GOVERNMENT this week finally scrapped the Continuous Assessment Learning Activities (Cala) amid escalating pressure from learners and parents, replacing it with a heritage-based education curriculum “designed to mould productive learners who will cherish and practise the Zimbabwean philosophical orientation of Unhu/Ubuntu”.

The new curriculum, Information minister Jenfan Muswere said on Tuesday, would result in Zimbabwean history becoming compulsory.

National shrines and cultural heritage sites will be included throughout the curriculum, and the national pledge will be accorded special emphasis in order to entrench patriotism, loyalty and respect and thereby inculcate the proper mindset, he said, adding that products of the education system should know that Zimbabwe comes first.

The curriculum will be anchored on programmes/learning areas infrastructure, staffing infrastructure, physical and digital infrastructure, legal and regulatory infrastructure and financial infrastructure.

At infant level (ECD A to Grade 2), learning areas are being reduced from the previous eleven to six. The reduction will also apply at junior level (Grades 3 to 7). At Secondary school level, the core and compulsory learning areas are being reduced from seven to five.

The term patriotism has now assumed a different meaning such that those that disagree with the administration are termed sellouts bent on reversing the gains of the liberation struggle for merely highlighting corruption which is so endemic that tenderpreneurs are glorified as successful businessmen overnight.

Political scientist Stephen Nathanson defined patriotism as having four attributes — a special affection for one’s country; a sense of personal identification with the country; special concern for the well-being of the country; and willingness to sacrifice to promote the country’s good.

Exposing government excesses is patriotism as one would have wanted the resources to be deployed in other areas such as health or education.

Zimbabwe’s history is littered with revisionism with the story of the hunt always glorifying the hunter.

The late nationalists James Chikerema and Ndabaningi Sithole, who is also a Zanu PF founder, were portrayed as “sellouts” on their deaths since they had differed with their fellow comrades in the execution of the liberation struggle. This list also included nationalists Michael Mawema and Wilfred Mhanda.

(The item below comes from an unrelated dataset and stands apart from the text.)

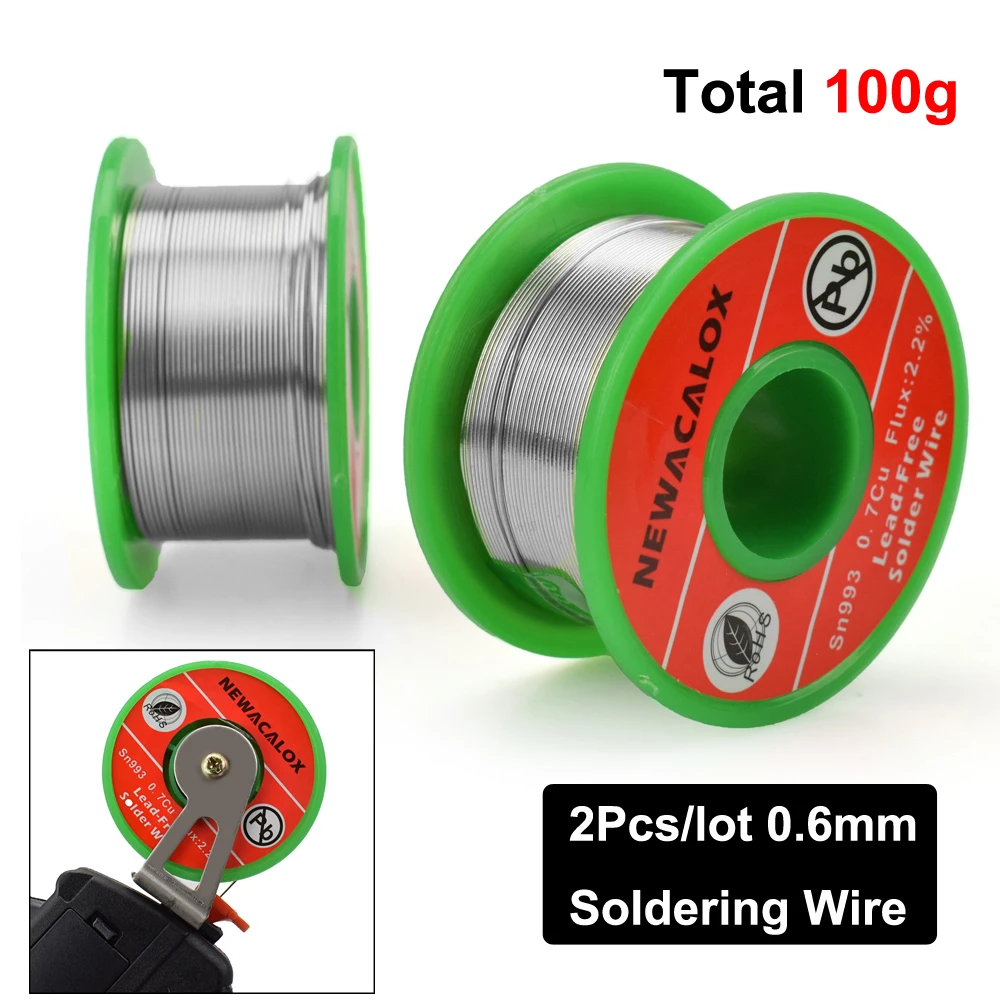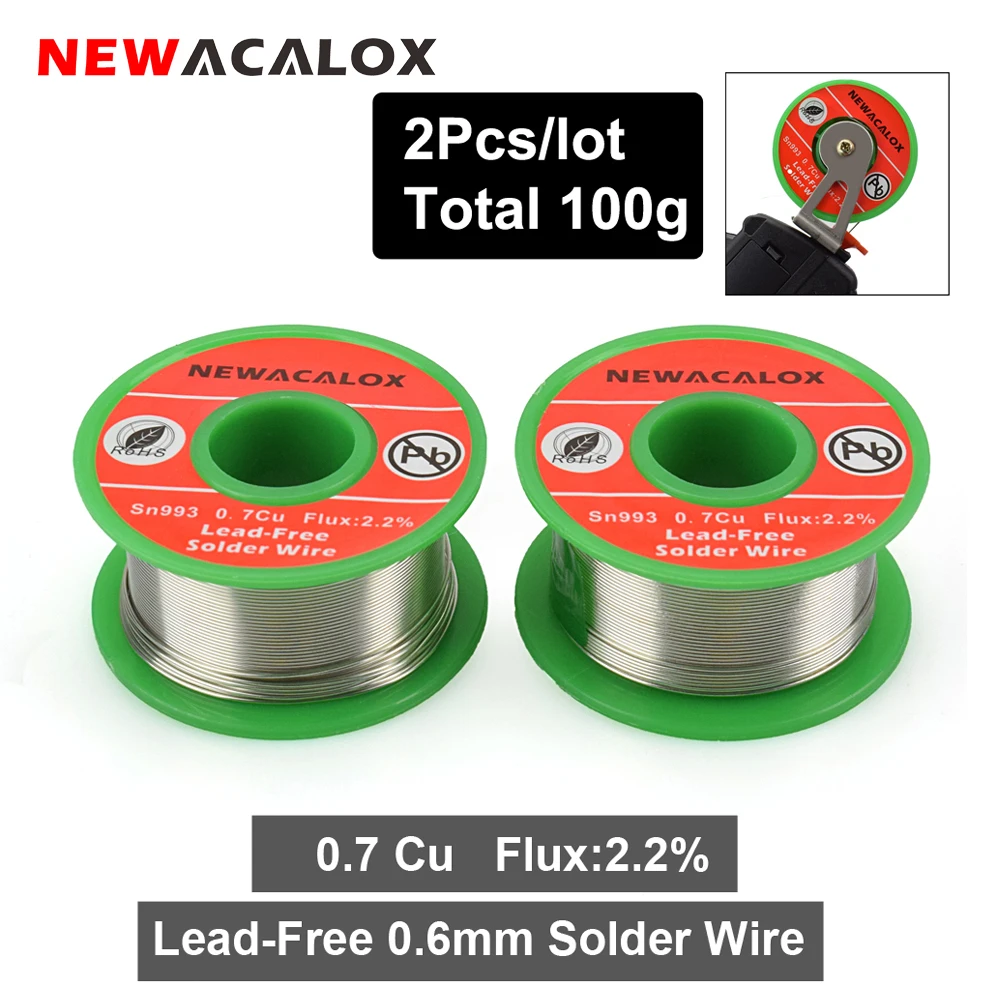 NEWACALOX 2 шт. 0,6 мм безсвинцовая Оловянная проволока, паяльная проволока Sn993 Pb007 Cu0.7 с флюсом 2.2%, канифольный сердечник, сварочная проволока, роликовый инструмент

President Emmerson Mnangagwa’s administration corrected the errors of the past, according Sithole and Chikerema the national hero status.

Zimbabwe’s long-time ruler, the late Robert Mugabe was accused of being a sellout after he appeared to have supported the opposition following his ouster from power. Then Zanu PF MP for Buhera South, Joseph Chinotimba, told supporters at a rally in 2018 that Mugabe was following the footsteps of “wartime sellouts” like the late Sithole.

“If Mugabe and (National Patriotic Front leader Ambrose) Mutinhiri have sold out, then they are not fit to go to the national shrine. There are lots of people he denied the honour because he was in charge and was calling the shots. Sithole was denied the honour because he sold out during the war. Mugabe has sold out, he will not be buried there,” Chinotimba said then.

There is much more to being a patriot and a citizen than reciting the pledge or raising a flag, according to American politician Jesse Ventura.

And as English poet and Anglican hymn writer William Cowper once said no man can be a patriot on an empty stomach.

Like its predecessor, Cala, the heritage-based curriculum will fail on the basis that it is a product of zero consultation and has been foisted on learners.